***** PROVIDED MATERIAL *****

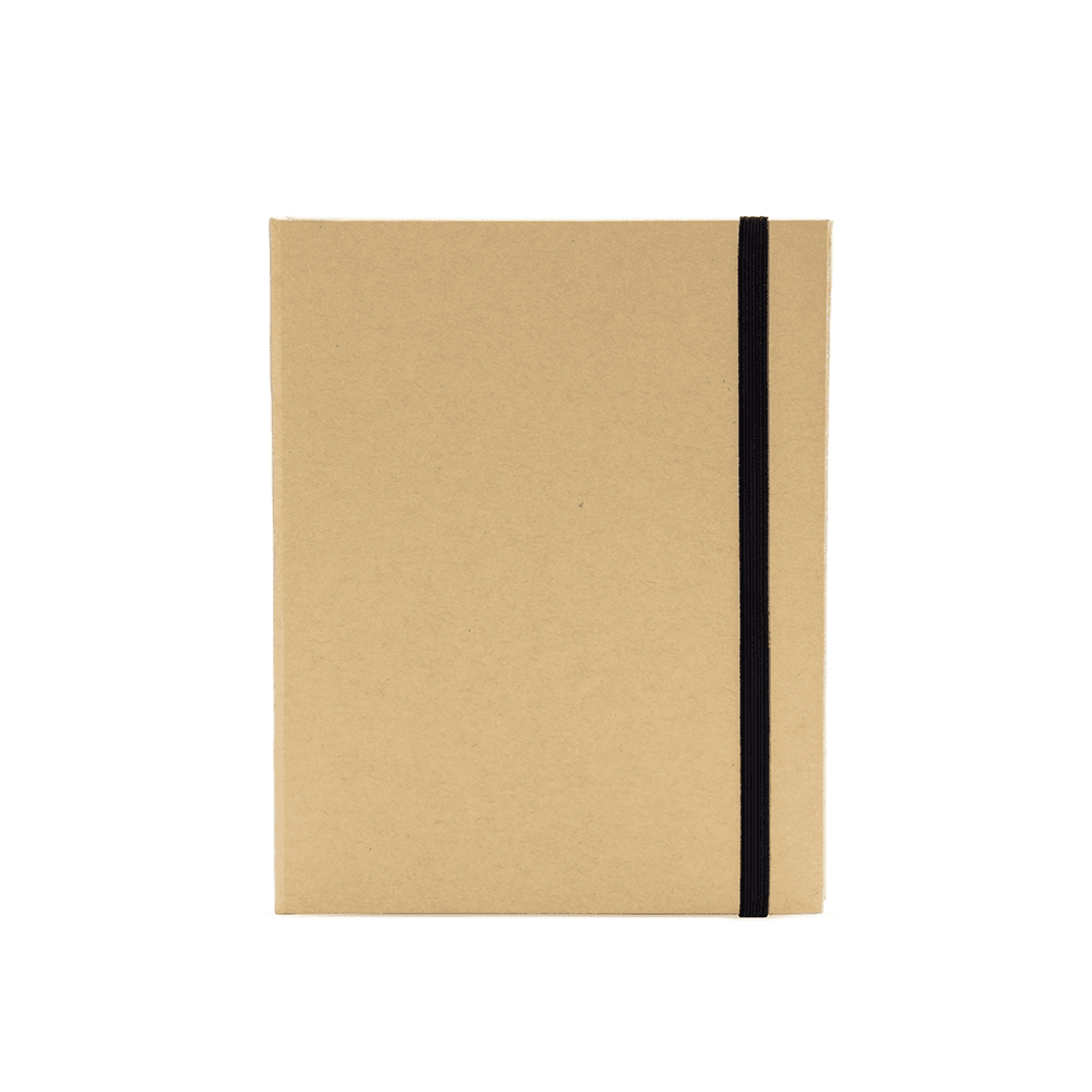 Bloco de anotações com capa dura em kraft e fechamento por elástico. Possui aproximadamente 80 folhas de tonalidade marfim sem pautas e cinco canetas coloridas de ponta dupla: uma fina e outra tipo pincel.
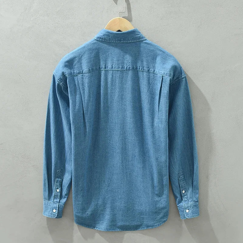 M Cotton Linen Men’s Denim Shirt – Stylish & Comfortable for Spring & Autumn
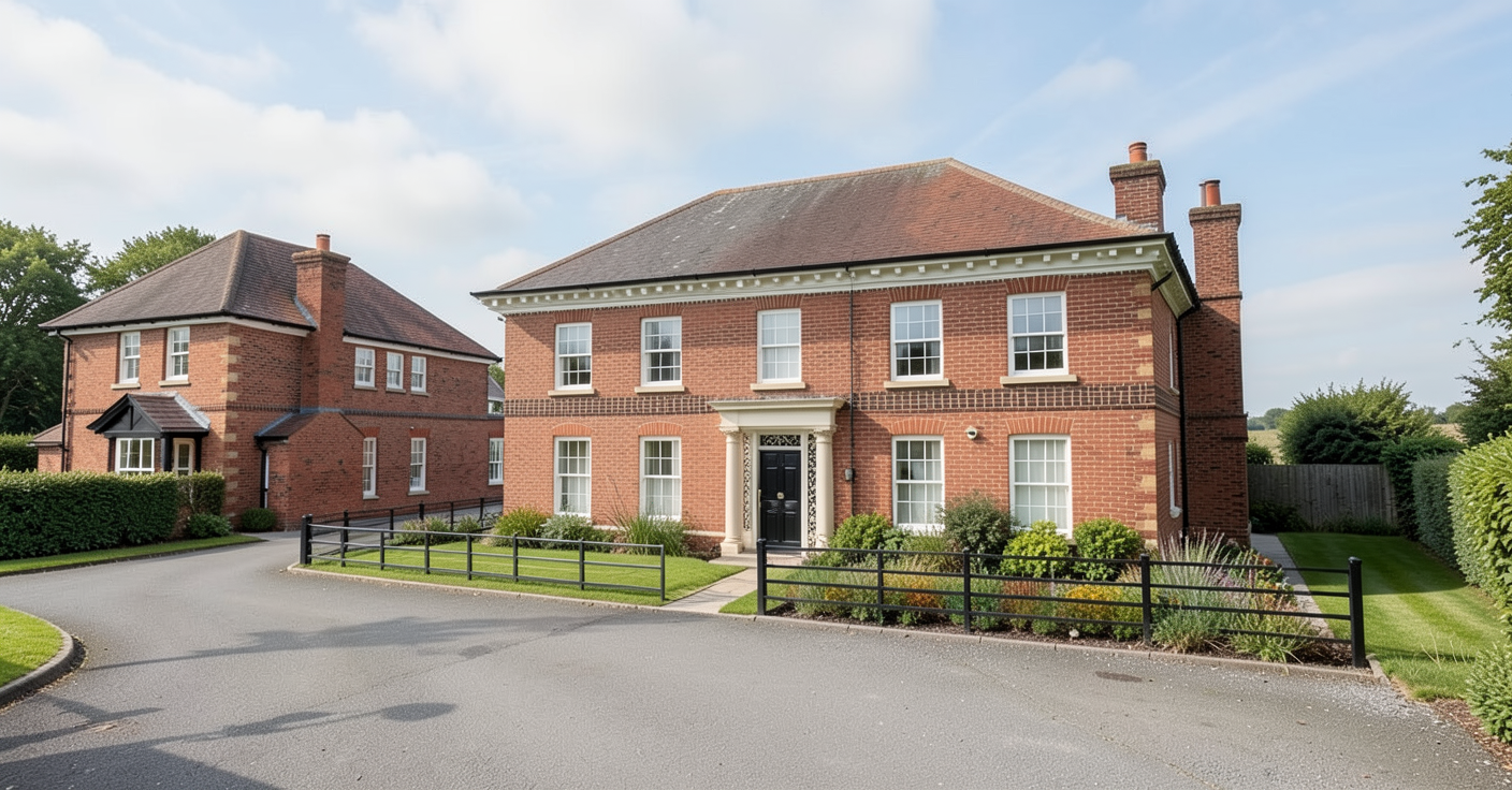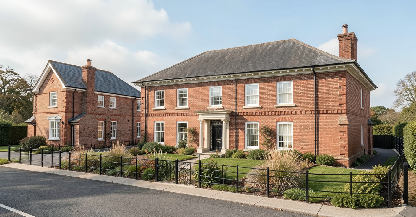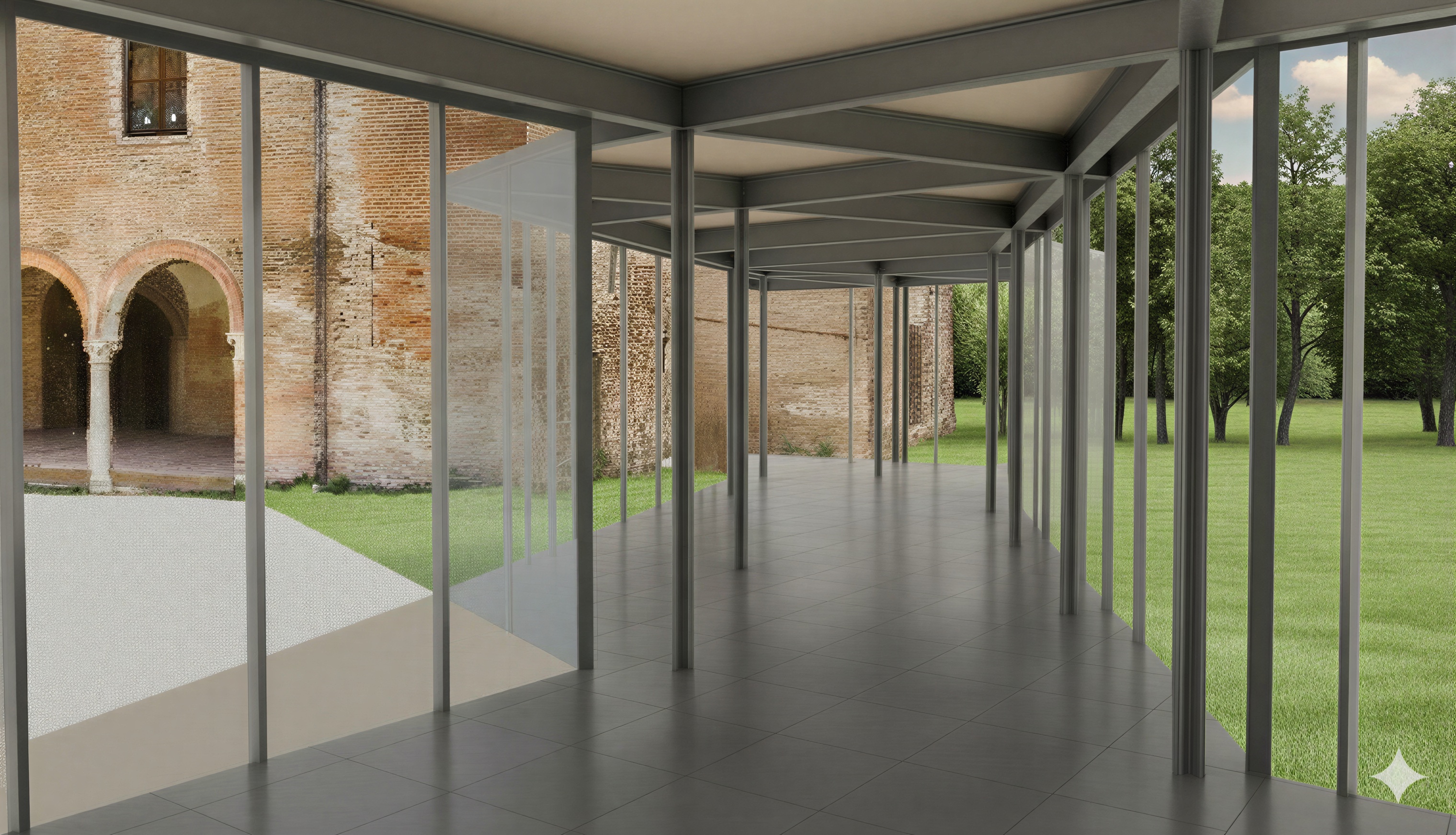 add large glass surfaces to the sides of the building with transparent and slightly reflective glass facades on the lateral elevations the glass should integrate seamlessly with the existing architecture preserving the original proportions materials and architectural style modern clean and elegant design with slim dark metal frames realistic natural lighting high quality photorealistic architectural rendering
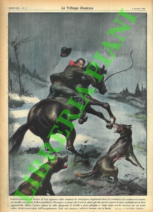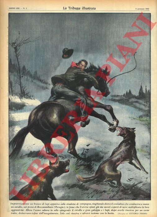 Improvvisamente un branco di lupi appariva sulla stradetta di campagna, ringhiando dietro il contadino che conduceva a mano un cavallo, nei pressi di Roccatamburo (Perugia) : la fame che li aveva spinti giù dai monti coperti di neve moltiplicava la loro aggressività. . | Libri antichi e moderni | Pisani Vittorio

*****

● EXERCISE PROMPT
What you return should match the material line for line, with the images removed.

● RESULT OF THIS EXERCISE
 Bloco de anotações com capa dura em kraft e fechamento por elástico. Possui aproximadamente 80 folhas de tonalidade marfim sem pautas e cinco canetas coloridas de ponta dupla: uma fina e outra tipo pincel.
 M Cotton Linen Men’s Denim Shirt – Stylish & Comfortable for Spring & Autumn
 add large glass surfaces to the sides of the building with transparent and slightly reflective glass facades on the lateral elevations the glass should integrate seamlessly with the existing architecture preserving the original proportions materials and architectural style modern clean and elegant design with slim dark metal frames realistic natural lighting high quality photorealistic architectural rendering
 Improvvisamente un branco di lupi appariva sulla stradetta di campagna, ringhiando dietro il contadino che conduceva a mano un cavallo, nei pressi di Roccatamburo (Perugia) : la fame che li aveva spinti giù dai monti coperti di neve moltiplicava la loro aggressività. . | Libri antichi e moderni | Pisani Vittorio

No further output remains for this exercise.